[Date Prev][Date Next] [Chronological] [Thread] [Top]

BDB recover problem after unnormally system shutdown (ITS#3355)



Full_Name: Attila Szuts
Version: 2.2.13
OS: Debian Sarge
URL: ftp://ftp.openldap.org/incoming/
Submission from: (NULL) (195.56.97.217)


BDB 4.2.52
LDAP: 2.2.13 (But I think it is in newer versions.)

I don't if anyone had similar problem, but it happened to me multiple times at
the past...
I run OpenLDAP on a mail server as user database server.

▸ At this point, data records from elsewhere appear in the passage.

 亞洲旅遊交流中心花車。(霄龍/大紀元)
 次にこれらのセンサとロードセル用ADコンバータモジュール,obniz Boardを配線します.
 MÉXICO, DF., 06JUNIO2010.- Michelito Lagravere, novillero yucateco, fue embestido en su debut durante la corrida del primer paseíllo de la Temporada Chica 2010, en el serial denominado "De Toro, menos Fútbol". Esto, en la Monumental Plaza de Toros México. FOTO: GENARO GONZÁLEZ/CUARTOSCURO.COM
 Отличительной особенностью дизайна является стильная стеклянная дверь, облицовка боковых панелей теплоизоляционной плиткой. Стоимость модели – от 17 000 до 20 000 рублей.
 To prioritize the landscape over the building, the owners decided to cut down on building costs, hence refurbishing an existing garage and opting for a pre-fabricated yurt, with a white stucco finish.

I modify ldap entries
with some PHP
scripts.

slapd.conf:
-----------
# Features to permit
allow bind_v2

include   /etc/ldap/schema/core.schema
include   /etc/ldap/schema/cosine.schema
include   /etc/ldap/schema/nis.schema
include   /etc/ldap/schema/inetorgperson.schema

schemacheck     on
pidfile         /var/run/slapd.pid
argsfile        /var/run/slapd.args

backend   bdb
database  bdb
checkpoint 10 2
cachesize 1000

suffix          "dc=nowhere,dc=com"
directory       <path_to_db_dir>
index           objectClass pres,eq
lastmod         on
sizelimit -1

#And some ACLs...
-------------------------

BDB DB_CONFIG file: (reside in slapd.conf -> directory)
-------------------
set_lk_max_locks   2000
set_lk_max_lockers 2000
set_lk_max_objects 2000

set_lg_bsize    1048576
set_lg_max      6291456
-------------------------

I thought that my config settings will be automatically committing any changes
in BDB after
2 minutes or after 10kb.
Then came an unplanned system shutdown(caused by eletrical breakdown without
notice, but
hours later than last ldap entry has modified).
After booting slapd was normally restarted by initd.

All works fine, except I could not see my last few changes in ldap.

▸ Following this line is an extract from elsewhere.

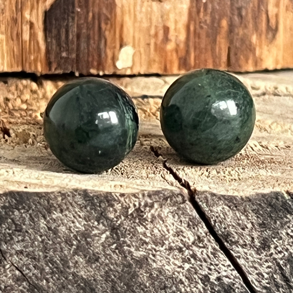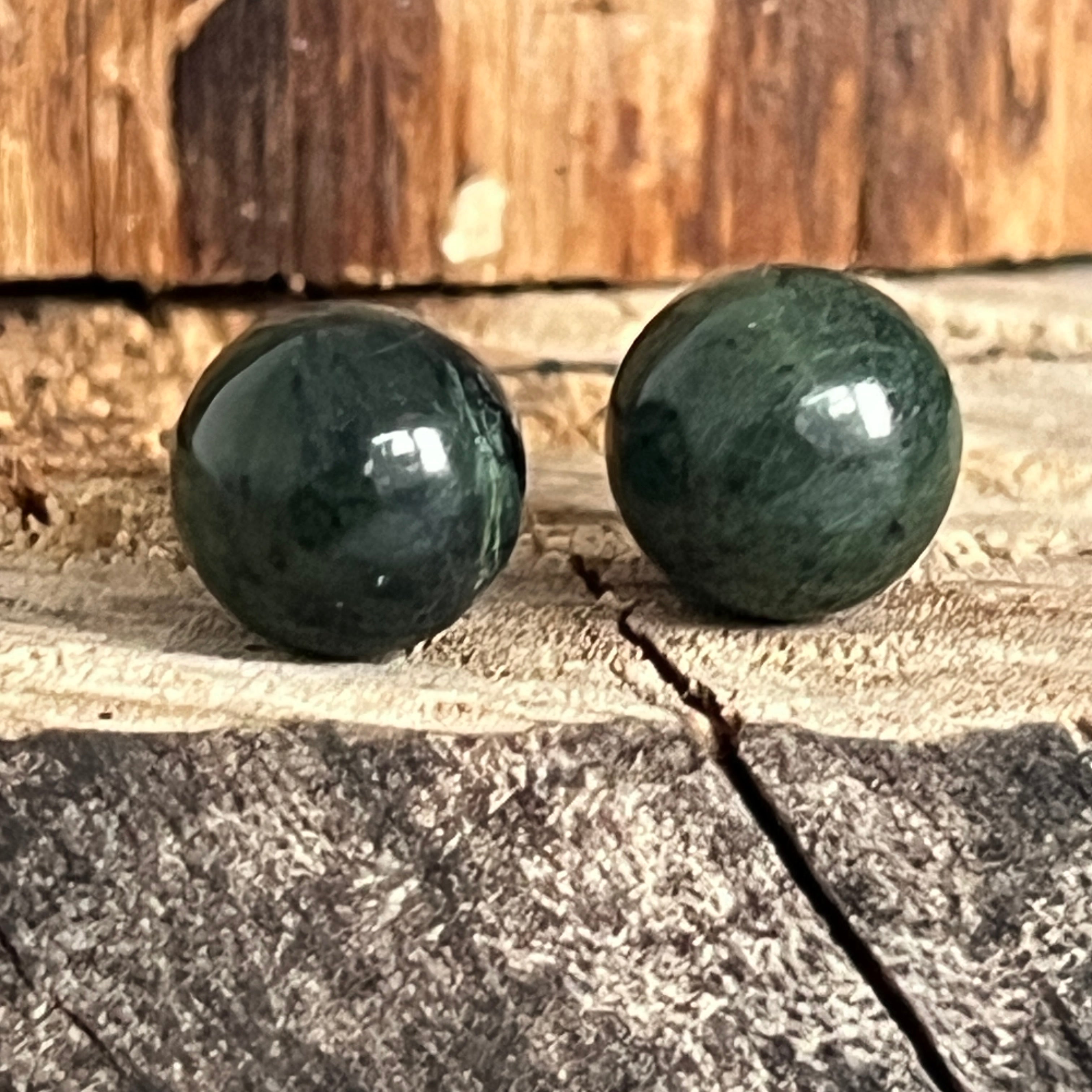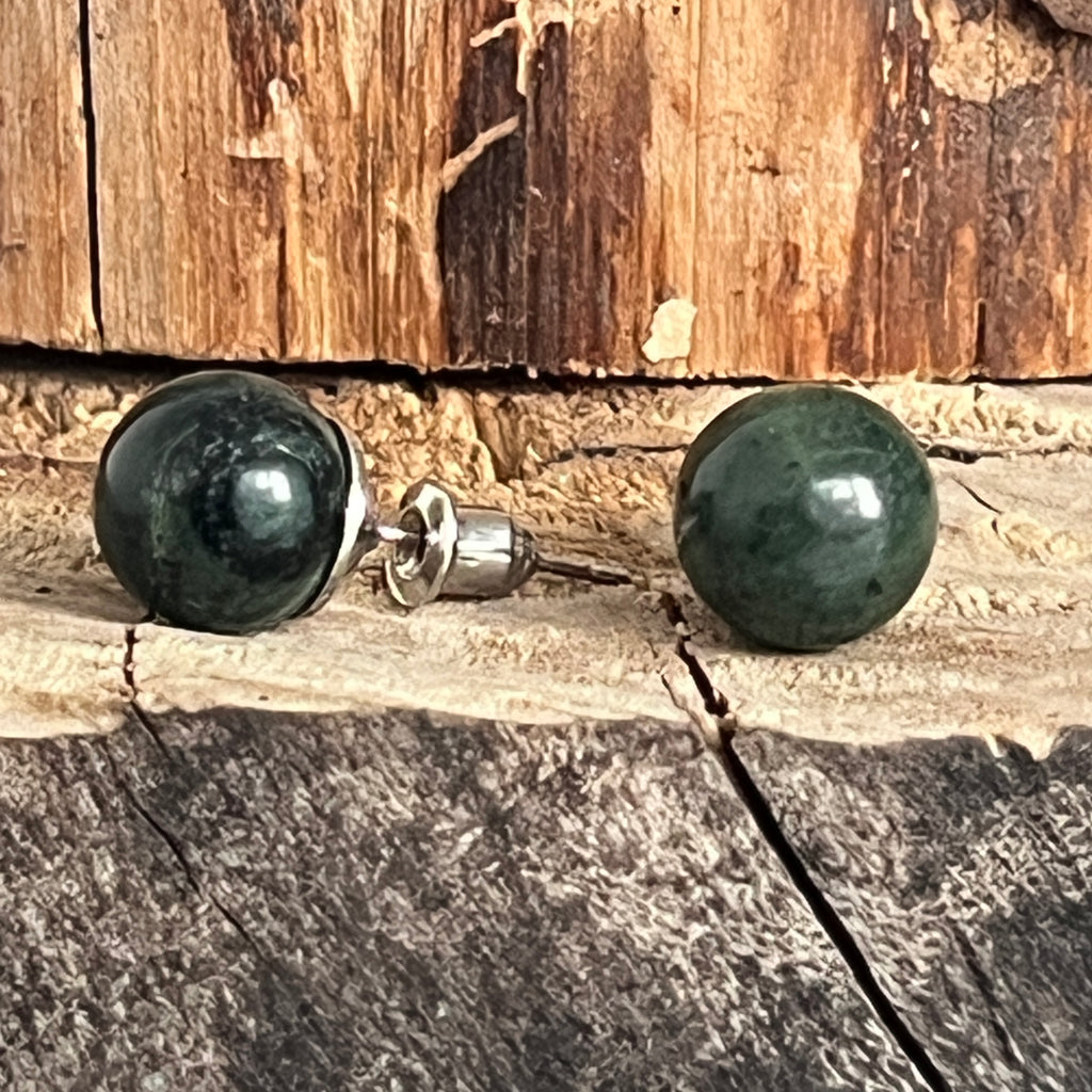 Περιγραφή - Καρφωτά Σκουλαρίκια Green Jade 10 mm

I repaired database with db_recover -v , but it doesn't help.
(When I used db_recover -v -c I became this error message:
  db_recover: Finding last valid log LSN: file: 1 offset 1079544
  db_recover: Recovery starting from [1][28]
  db_recover: Log sequence error: page LSN 1 1052620; previous LSN 1 1095735
  db_recover: Recovery function for LSN 1 1052620 failed on forward pass
  db_recover: PANIC: Invalid argument
  db_recover: PANIC: fatal region error detected; run recovery
)

I moved the whole database to another place and vi-ed(viewed) the
log.0000000001
file and saw that my modifications(entries) are 100kbyte before EOF.(10 times
more than 10kbyte!)
Then I vi-ed dn2id.bdb and id2entry.bdb files but couldn't find these entries.

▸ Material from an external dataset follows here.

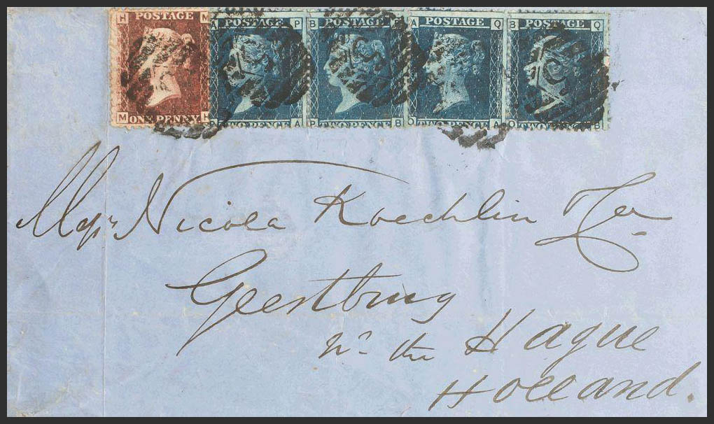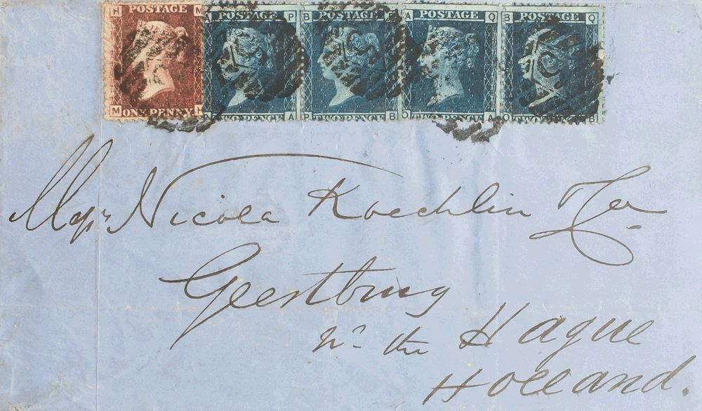 Yvert 10, 11(4). 1867. 1 p rojo carmín y 2 p azul, tira de cuatro. LONDRES a LA HAYA (HOLANDA). MAGNIFICA.
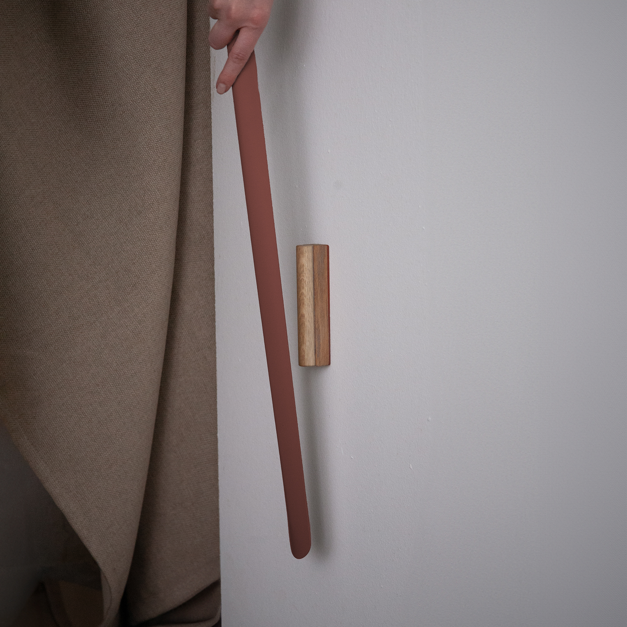 The DON shoehorn, part of the joint Spinder x BUDDE collection, is an exclusive design by BUDDE, a renowned design studio based in Germany.When a quotidian object is characterized by sculptural elegance – DON is a minimalist shoe horn with a slim silhouette and an intuitive usability.Designed for individuals, couples or families who value practicality as much as a refined design aesthetic. DON is crafted from highest-quality steel with a modern powder-coated matt finish, making the piece highly robust from head to toe. The handle of the 60cm-long shoe horn has been shaped to ergonomically fit into the hand with ease for a convenient user experience. DON facilitates a quick and gentle sliding of the foot into any favorite footwear. The product seamlessly fits onto a magnetic wood fixture to attach it to a wall. Thereby, it is accessible at any time or provides a refined sculptural quality while it rests on the wall. DON is a thoughtful, functional object – available in four contemporary color choices: silky taupe, dusty green, Tuscan Terra or a classic black.BUDDE was founded in 2019 and is led by Architect Johannes Budde and Meike Papenfuss. As a strong duo, Johannes Budde is the creative mind behind BUDDE, complemented by the business and brand expertise of Meike Papenfuss.

Why cannot db_recover *really* recover data from the logfile? I couldn't find
any software that can parse log file or bdb files to see records inner BDB.
(Similar has happened with previous OpenLDAP versions, but I can't reproduce
this error because
this can easily kill my machines. Sorry.)

Am I misconfigured something, or Berkeley DB is faulty or something else? What
shall I do in the
same situation?
I don't know exactly how OpenLDAP with BDB or standalone BDB internally works,
if this seems like BDB bug then sorry this bugreport and please give me some
instruction how/what to test or post to BDB buglist.

Thanks
Attila

P.S: Another BDB problem was when disk space runs out: slapd and BDB crashes,
and can't recover.